Small Business Incorporation - Is It For You?

When you start a small business, you need to know what kind of business organization you wish to have. What you decide on can confer some great advantages on your business, or take away what is your due. Let's look a little more deeply into the whole matter of small business incorporation in this country. About the most common kind of business organization in this country is the Corporation -  it is a business that is incorporated under state law. It could be a nonprofit corporation, a professional corporate, a close cooperation or one of another kind. With small business owners, the close corporation is usually the most popular kind to pick. As you can probably guess, in a close corporation, the sharers are not publicly traded - they are held by a specified number of individuals who are close to the business.

So why should business incorporation be something a small business needs? The most important advantage that incorporation brings is that a business becomes separate from its businessman founder. It gains its own individual identity under the law. This means that it gets to act like a person - own property, sue and be sued and so on. It also means that whatever losses occur, the small businessman does not need to be liable for anything beyond the value of the shares in the business he holds. If there were no business incorporation done, the businessman would own the business as personal property; if any losses came about that exceeded the value of the business, people who sued could get the owner's house and property to pay for the debt. This just couldn't happen with a small business that was incorporated.
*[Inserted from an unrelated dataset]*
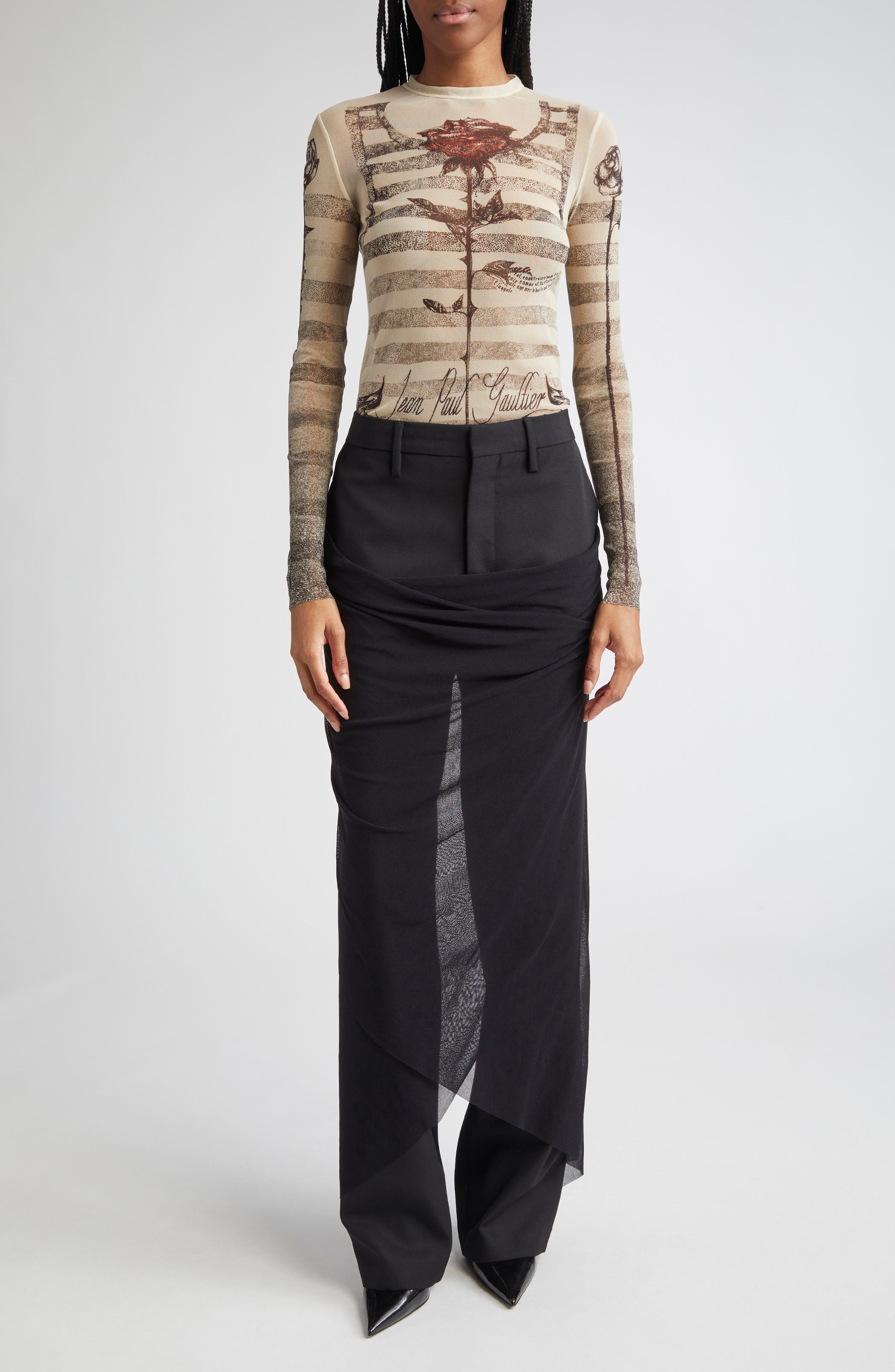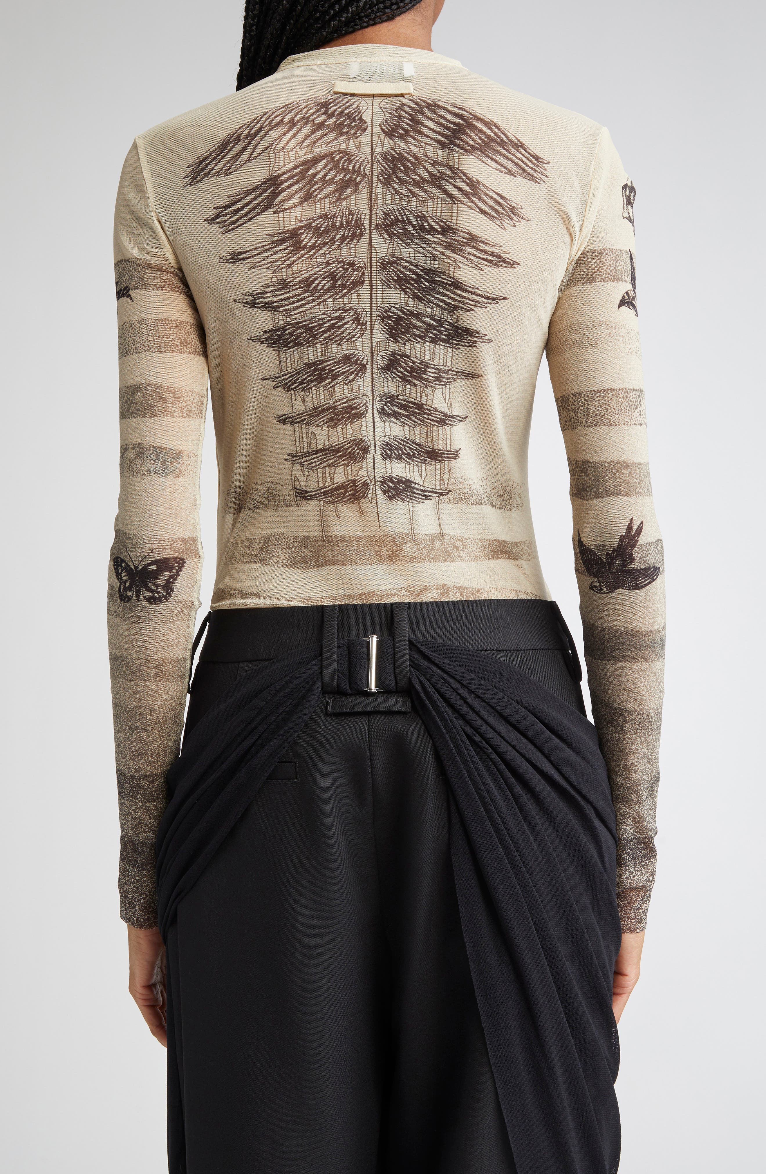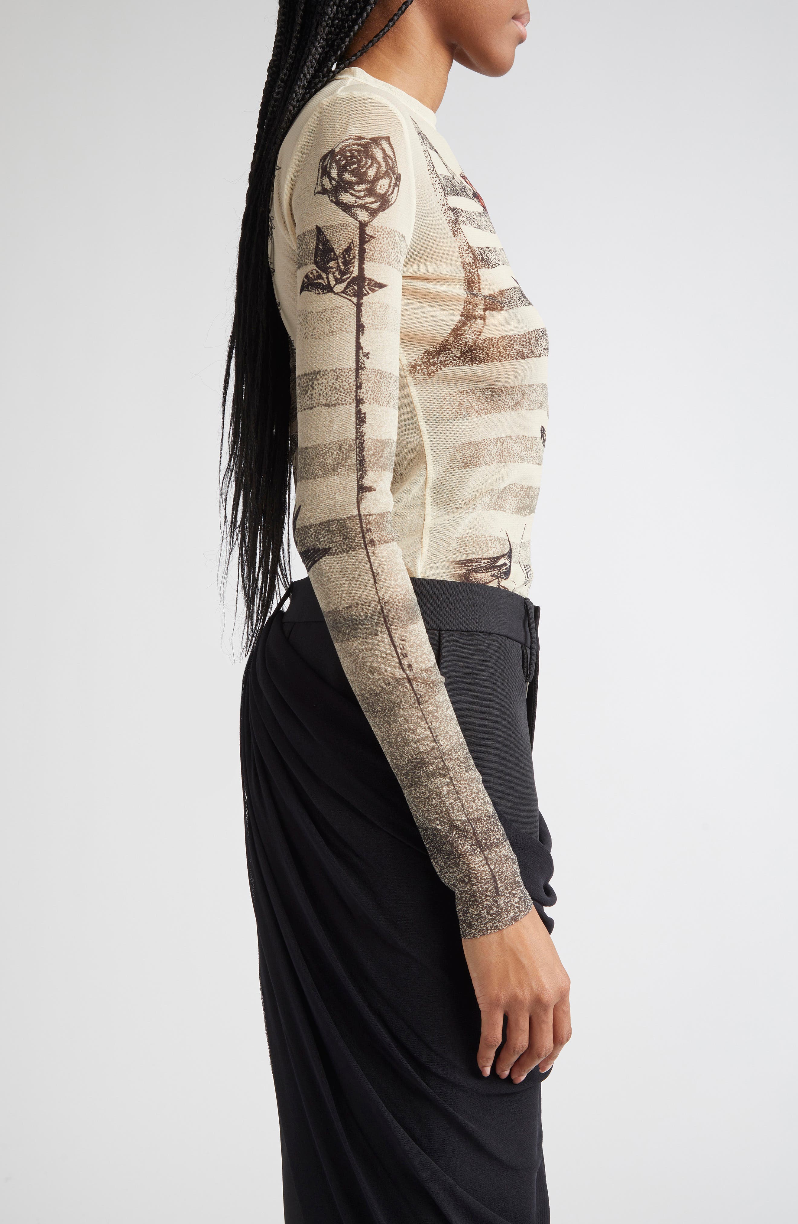 Jean Paul Gaultier Tattoo Mariniere Mesh Top_Ecru/ Black/ Red

One of the best advantages you get with business incorporation is, that ownership of the business can get transferred as easily as a transfer of shares can be done. With a small business of any other kind, transfer of ownership would be pretty long-winded and difficult. With incorporation, whoever holds the shares, gets ownership in the company. An incorporated business gets run with professionalism that isn't usually seen in a sole proprietorship. Anyone who owns a proprietorship gets to call the shots. That's not how it's done in an incorporated business. It doesn't matter who owns the business - the board of directors has to approve every decision. It enforces professionalism. There's just one drawback that goes with business incorporation though - it's called double taxation. The business, since it's an individual, is taxed with business taxation. And when dividends get distributed to you as a shareholder, you are taxed on a personal level. But apart from that, incorporating your business can be great going.